For Samra Habib, sharing her story of coming out as a queer Muslim has been an exercise in resilience. “I want to show [my community] that there is a lot of joy and hope that can come from going through trauma,” Habib says. “I’ve had some really great things happen to me because of it.”
With Just Me and Allah, a 2014 photo essay documenting queer Muslims around the world, and her new book, We Have Always Been Here: A Queer Muslim Memoir, great things haven’t stopped for the 39-year old writer, photographer and activist.
During her project, Habib realized that the people she profiled were longing for the same thing: To create a safe space for themselves while honouring their religion.
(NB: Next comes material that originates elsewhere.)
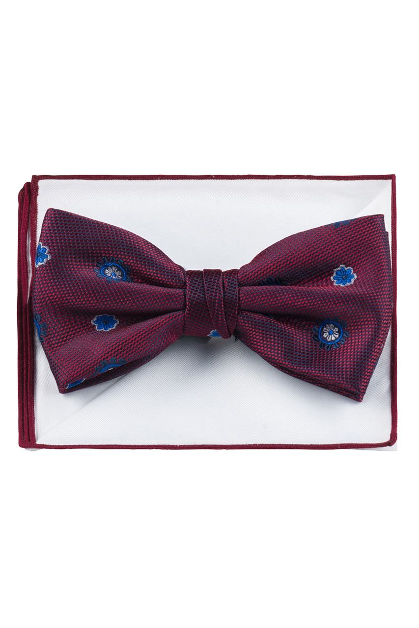 Bordowa mucha w delikatną strukturę, wykonana z tkaniny lekko opalizującej na niebiesko. Posiada delikatny wzór niebieskich kwiatów. W zestawie dołączona jest biała poszetka, ręcznie obszyta bordową lamówką. Model doskonały do formalnych stylizacji a zwłaszcza do niebieskiego i granatowego garnituru.
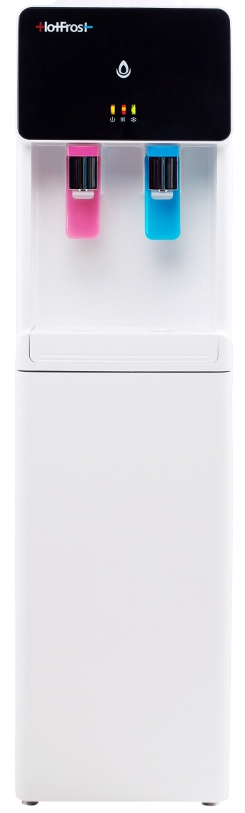 Черная глянцевая лицевая панель выгодно контрастирует с основным снежно-белым цветом диспенсера. На этой панели находятся индикаторы-светодиоды, которые будут всегда держать вас в курсе происходящего с аппаратом: нагревает ли он воду, происходит ли охлаждение. Яркие огоньки светодиодов видны как в полной темноте, так и при ярком солнечном свете.

Habib’s memoir was born from the belief that she could tell the story of their anxieties and be a collective voice for her community. "There are a lot of queer Muslims that fear persecution for being open. I didn’t have that fear [living in Canada], so I wanted to write an honest story about my similar experiences, rejections and struggles and let them know that they’re not alone,” she says.
Her story begins in Pakistan. “We were a part of the Ahmadiyya sect, a religious minority of Muslims that were persecuted. As kids we were really good at hiding [our faith],” she says. In the Islamic country, Ahmadis have no religious freedom and are considered heretical by orthodox Muslims. As result, being in hiding is a skill she relied upon for years before embracing her queerness. “I was in a straight relationship in Toronto for so long because I was afraid to make that leap.”
Habib and her family fled Pakistan and came to Canada in 1991. However, they traded the fear of physical and social persecution for another anxiety: How to survive as refugees in a foreign country. In the book, she reveals her experience with racism, an arranged marriage to her cousin at 16, a suicide attempt in her teens and a second marriage by choice at 19 – but for security rather than love.
Penning her memoir forced her to relive these traumatic experiences. “As I was writing, I started forgiving,” she says. “It helped me understand that a lot of the [negative] changes in my father’s behaviour happened when we moved to Canada and he felt like he had lost his ability to provide for his family.”
Habib also became aware that her mother didn’t have many choices and was following the expectations of her culture like so many women in her family. “People are surprised that I am able to have so much empathy, but I think it’s important to forgive because you hurt yourself more than anyone else if you don’t,” she says.
But not everything in the book was family-approved. When her parents found out she was writing a memoir, her mother requested that she not write about sex. Coming out is a large part of Habib’s story and even though she knew her mother didn’t love the idea, those particular details stayed in.
As for her siblings, while it was surprising for them to learn about Habib’s internal struggle towards authenticity, they are all completely supportive. Before delivering the manuscript to her publisher, Habib gave it to her sister to ensure that she was representing their parents in an honest way. Her brother translates sections of the book for their parents so they can understand her story too. “I know I can’t expect them to fully embrace me – that’s an unrealistic expectation – but I know that they’ll do their best and get there at some point.”
As for what’s next, Habib wants to be closer to home and embolden her community. “I’ve become more outspoken, in my projects and the work I do – I don’t have to hide anymore,” she says. And she continues to be inspired by the people she meets every day – especially those who are making a positive impact like local housing and community activists. “They’re doing the work because they know that something needs to be done; and not because they want any recognition but because it’s the right thing."